The day we were accepted as foster carers, my wife vowed never to become one of those ineffectual mothers who shop at Kmart. She will strive for parenting perfection starting with the 11-year-old girl who was placed in our care.

Homework had to be done because bright minds lead to a brighter future.

The girl was given chores and expected to clean up after herself, because life is less complicated when you’re a responsible adult.

Her TV viewing was restricted, because correct time management gives you time for everything.

Despite all our good intentions, the girl shouted, “No!” She shouted that word a lot. She demolished our rules and boundaries like a toddler kicking sand castles.

My wife refused to give up on parenting this child. If she could just reach around the girl’s defiance, gently nudge her down the path of social decency, then all the battles fought will be worth it.

Except, how much defiance can one girl display? Must she oppose everything we say and do?

Thankfully, the girl’s caseworker recognised the absurdity of our parenting war. She arranged an appointment for us to visit Social Services in-house psychologist. 

Like a war correspondent for CNN, my wife described in graphic detail the battle we were engaged in with our foster child.

The psychologist’s advice was simple: do nothing.

Do what?

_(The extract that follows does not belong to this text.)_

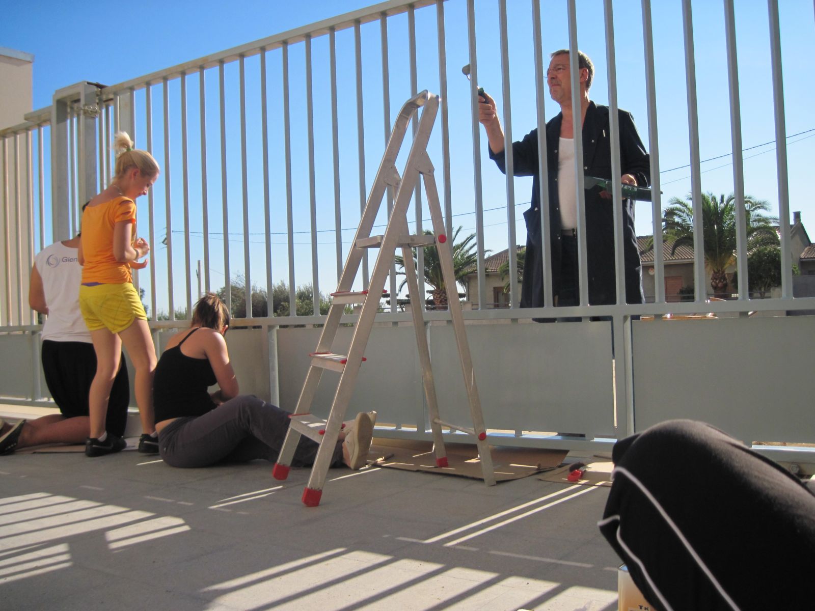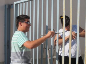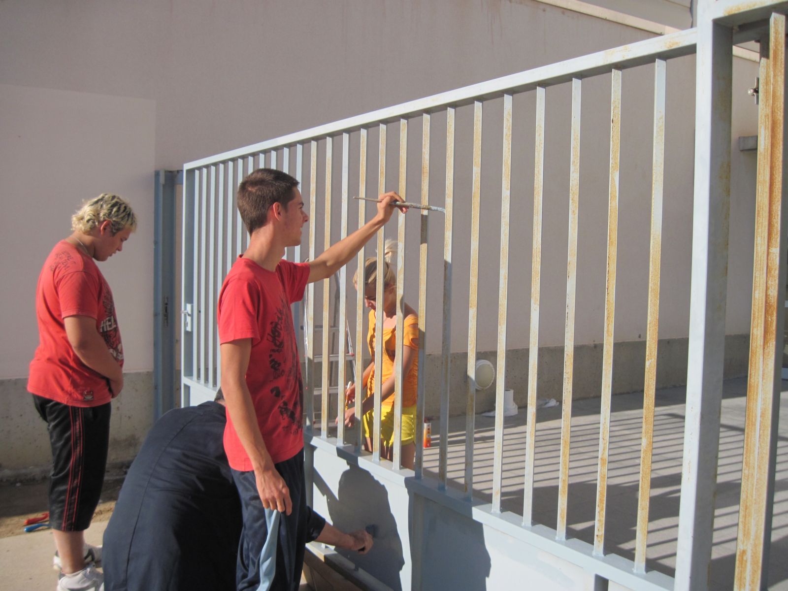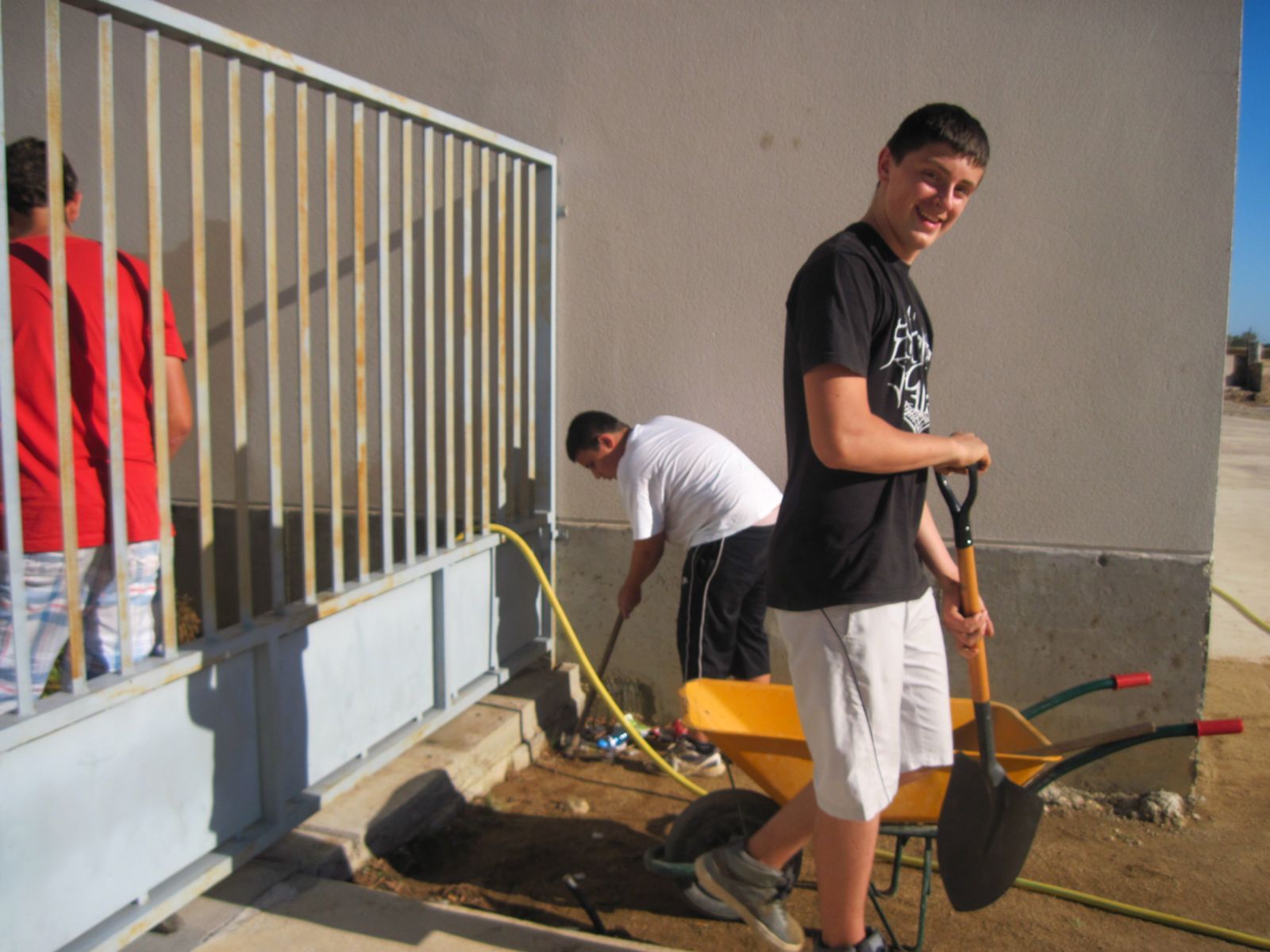 Mentres el altres pintàvem la porta de l’entrada, els altres Bartosz i Dani Garcia  estaven recollint la basura, i el Daniel Vasile està regant les plantes.

How do I even respond to that? I couldn’t, but I’m grateful to my wife for at least managing to raise an eyebrow.

The psychologist explained her odd suggestion: don’t worry about homework, it’s unimportant. Let the dishes pile up in the sink; the child can do her chores when she is ready. Let her watch TV all day – it never hurt anyone. What is important is the removal of all conflict from our home.

Wait. So we are being told not to parent our foster child? Seriously?

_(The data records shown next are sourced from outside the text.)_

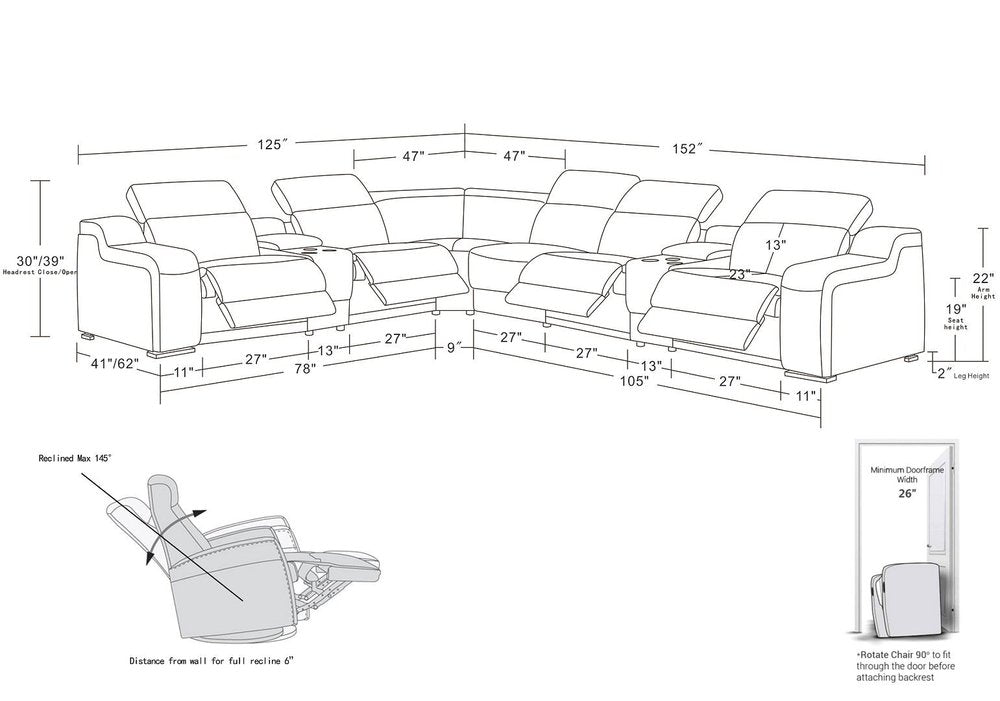 Take your relaxation to the next level with this super soft and comfortable gray italian leather power reclining curved eight... Read more
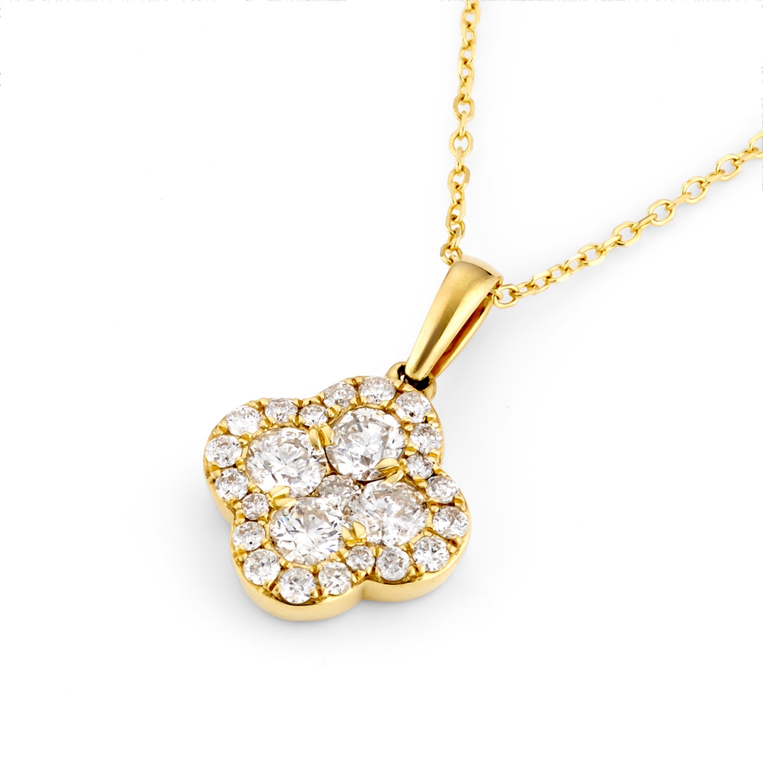 A brand-new, unused, certified natural diamond clover-shaped cluster pendant, set with five brilliant cut diamonds to the centre & a cluster of brilliant cut diamonds in a halo setting, set in 18ct yellow gold.
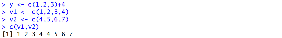 y <- c(1,2,3) + 4 # 单个的数值4会被补齐为c(4,4,4),最后结果为c(5,6,7)
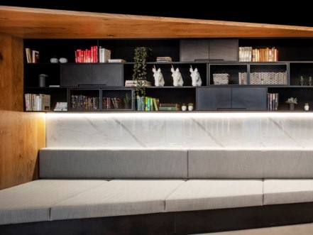 The corner office with the best view was dedicated to informal meetings. It features an elegant seating area nested in a wooden coated corner, to allow meetings to conduct in a more relaxed and intimate fashion.
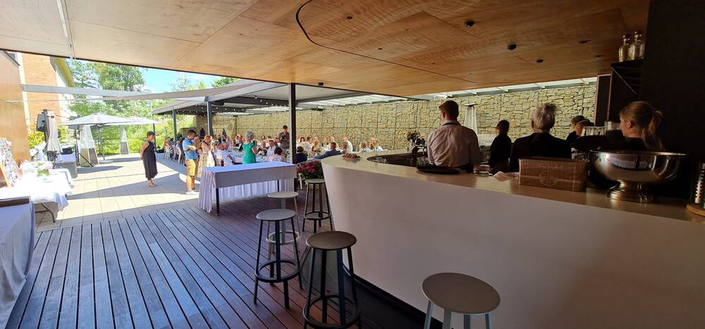 Pak jste ho našli u nás na Tomášově. Naše prostorná letní terasa nabízí ideální místo pro váš svatební den, a to včetně romantického prvního tance uprostřed přírody. Hotelový park s vodní fontánou poskytuje kouzelnou atmosféru pro chvíli, kdy si konečně řeknete své "ano". K dispozici vám bude také relaxační zóna se zavěšenými houpacími sítěmi a ratanovými lehátky. V případě ukaboněného počasí můžete pro svoji veselku využít krásné prostředí naší restaurace Tomášov a útulného salonku či foyer.
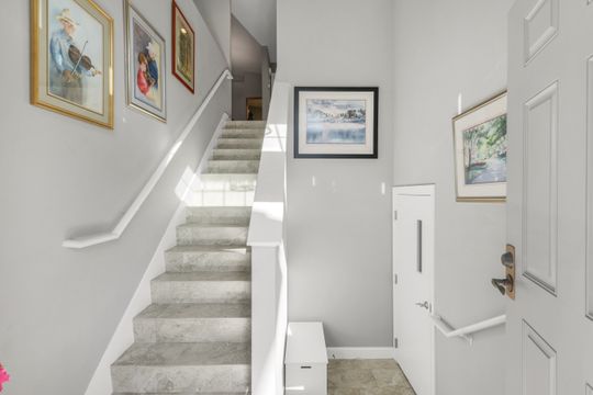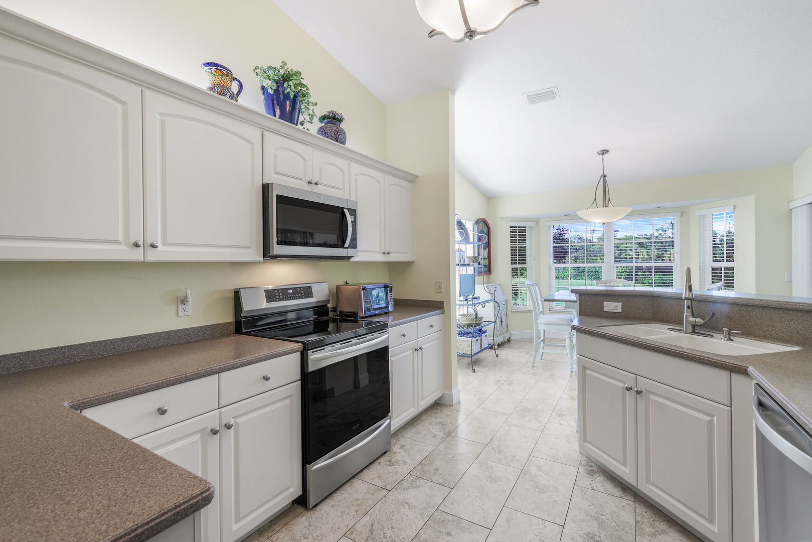 Experience effortless resort-style living in this beautifully updated second-floor Pinnacle coach home at The Strand. A private elevator (2016) welcomes you into a bright, airy 2,150 sq. ft. residence featuring vaulted ceilings, porcelain tile flooring throughout, and a thoughtfully designed 3+den, 2 bath floor plan. The enclosed lanai, enhanced with temperature-insulated, noise-reducing Solara sliders and no-see-um screening, is the perfect spot to sip your morning coffee or unwind with a glass of wine while taking in the expansive tropical golf course view. The kitchen is both stylish and functional with newer stainless-steel appliances including an induction range, a pantry with pull-out shelving, and updated fixtures. The open living and dining spaces make entertaining easy, while the den provides flexible use for a home office or reading retreat. The primary suite features two walk-in closets, linen closet and a bath with dual vanities. The guest bath has been tastefully updated with a walk-in shower and frameless glass doors. A well-equipped laundry room includes cabinetry, washer, and dryer—keeping everyday tasks convenient and organized. Every detail has been addressed for comfort and peace of mind—complete replacement of sub-flooring for sound and moisture insulation, newer impact glass windows, tall baseboards, professional interior paint, and a new 2024 Rheem A/C with UV light. Additional upgrades include a new electrical panel with generator transfer switch (supporting both 110 & 220V), new smoke and carbon monoxide detectors, and newer Kohler comfort-height toilets. Enjoy a friendly, active country club lifestyle with access to The Strand’s three impeccably maintained 9-hole golf courses, tennis, pickleball, fitness center, pool with lap lanes, bocce, and croquet. The recently remodeled Strand Clubhouse showcases stunning classic coastal décor, offering residents elegant spaces for dining and socializing. Dine casually at the Island Bar or the all-new Tavern 59, or savor formal dining at the clubhouse. Centrally located in North Naples, The Strand offers easy access to shopping, dining, and the area’s beautiful beaches. This is the perfect blend of comfort, quality, and community—ready for you to move in and enjoy the Naples lifestyle.

What other reason is there to become a foster carer if not to raise a child as your own? I don’t care how professional the psychologist’s advice was, I chose to ignore it. So too did my wife as she declined an offer for a second appointment.

Long after the 11-year-old girl was returned to her mum, the conflict continued. It simply transferred over to the other tweens and teens placed in our care. Sure chores were done and homework was completed, but our victories came at a very high price as tears, tantrums and toppled chairs made living in our house unbearable.

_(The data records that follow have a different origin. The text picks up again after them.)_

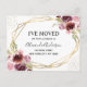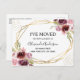 Modern and Elegant Floral Faux Gold Foil Geometric Watercolor Spring Burgundy and Blush Pink Floral Flowers I've Moved New Home or New Address cards - includes beautiful and elegant script typography with modern floral and greenery for the special New Home or New Address celebration.
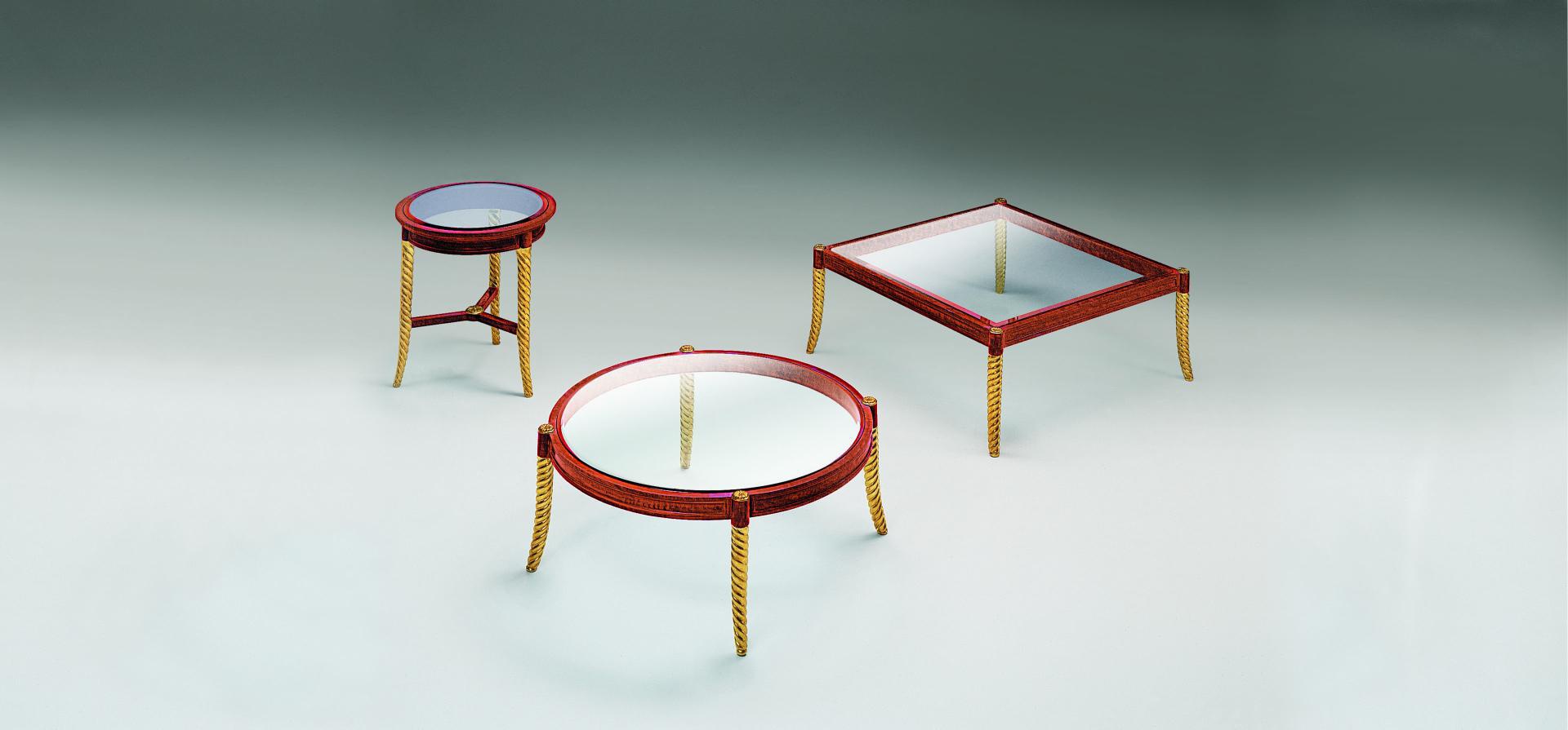 Coffee table S. I. P. ARR 09 from Italian manufacturer Colombo Stile. The frame is natural wood. Worktop - glass. Decorative elements of handwork. Colours in stock.
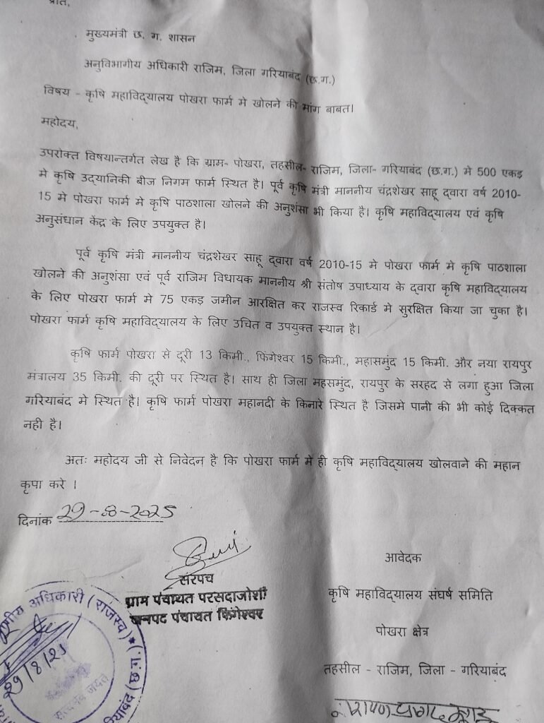 (जहां पोखरा में कृषि महाविद्यालय के भवन एवं अनुसंधान केंद्र को पोखरा चालू कराने मुख्यमंत्री जी के नाम श्री विष्णु देव साय के नाम से लिखित में ज्ञापन दिया)
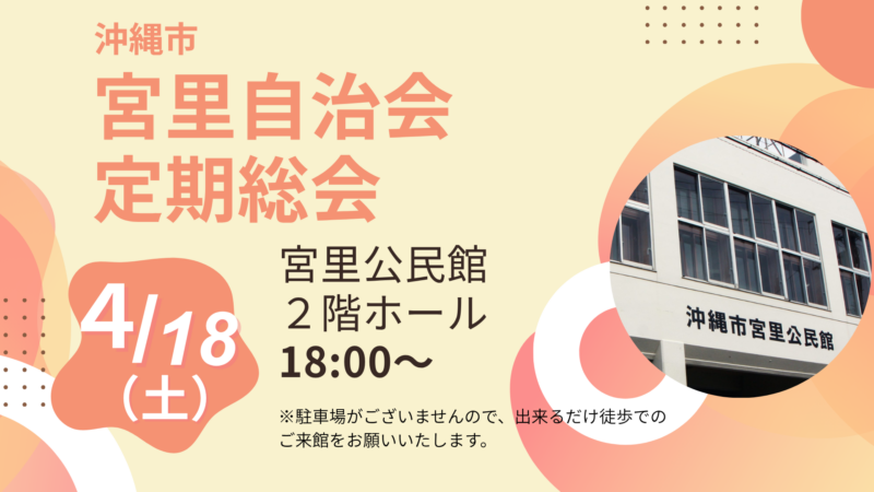 定期総会のおしらせ 2026年4月4日 会員の皆さまにはご多忙のこととは存じますが、ぜひ多くの皆さまにご参加いただけますと幸いです。なお、ご都合によりご参加いただけない場合は、委任とさせていただきますので、あらかじめご了承ください。また、総会終了後には懇親会も予定しております。皆さまとの交流の場になればと思っておりますので、ぜひご参加ください。ーー令和8年4月18日(土)宮里公民館 2階ホール18:00~ーー※駐車場がございませんので、出来るだけ徒歩でのご来館をお願いいたしますm(_ _)m - このページをSNSでシェアする -

Why do these children treat us like the enemy? Don’t they see how exhausting this is for us? How frustrating it is? It’s just not working. Maybe it’s time for another visit with a psychologist.

A different psychologist with the same advice: do nothing.

Except this time, my wife and I, we swallowed our parental devotion – okay, our pride in our parental devotion – and listened, really listened, as the psychologist explained the principles of do nothing.

Do not parent the child.

Better yet, avoid doing anything that could trigger conflict between you and the child. Conflict blocks the vital bonding process between carer and child. Having a child feel loved and safe and worthwhile is far more important than using parenting to sculpt a child into a respectable, responsible adult.

All this time, my wife and I had confused caring with parenting.

I think it’s time to correct that mistake.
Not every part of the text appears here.